Well, I love all those guys bunches, but there's a whole lot of "auteurs" I don't care much for... Spielberg, Woody Allen, James Cameron, Ridley Scott, Tim Burton. And there's a lot of them who have only one movie I think is special... Scorcese, Chris Nolan, Fincher.

I'm certainly on the art movie side, or just the art side, and I love a lot of what used to be called "cult movies." Movies that have something special, something original, and that try to be artistic at least a little bit. A lot of that kind of stuff is called "pretentious"... but it's very annoying to me that that word is used for two entirely different classes of stuff. The first is stuff that is boring and pedestrian and just copies older, true art... but then demands that the audience call it art. It's very postmodern: it's art if I say it's art. Most Oscar nominees fall in this category. I loathe this kind of pretention. The other kind is stuff that the creators have actually put in a load of work and creativity to be art, and then let their work stand on its own. I love this kind of pretension, at least if it comes with a little bit of skill.

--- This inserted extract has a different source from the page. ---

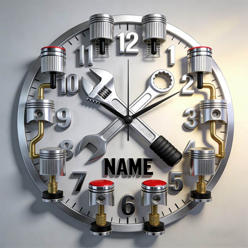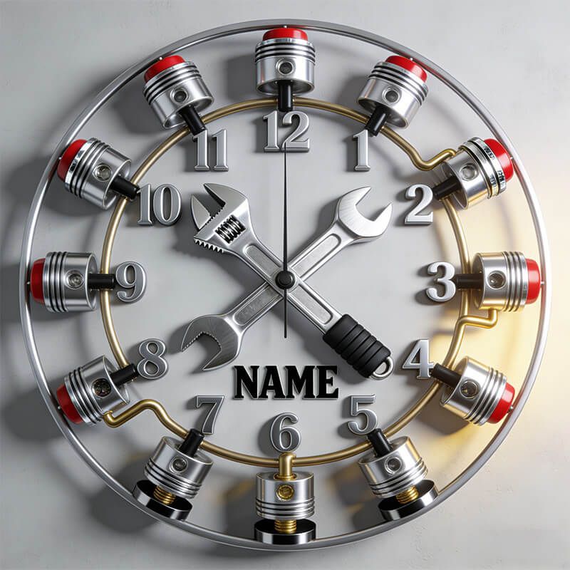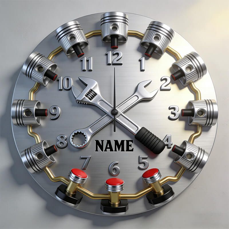Personalized Heavy-Duty Wrench & Piston Clock — Where Raw Power Meets Precision Time

I started my list from memory, but I was spending too much time on that, so I consulted the Sight & Sound list, the IMDb Top 250, and the Criterion collection (my tastes are very in line with that). So I'm sure I'm missing a lot of non-acclaimed movies that just don't jump into my memory quickly. I watched movies very seriously -- in theaters or as DVDs or VHS tapes with full attention paid -- for 20+ years, but I mostly just watch what's on TV/cable now while I play TPA or do something else on computer. I wonder if I'll get enough interest to get back into serious movie watching some day, and catch up on all those foreign and older classics that I've missed.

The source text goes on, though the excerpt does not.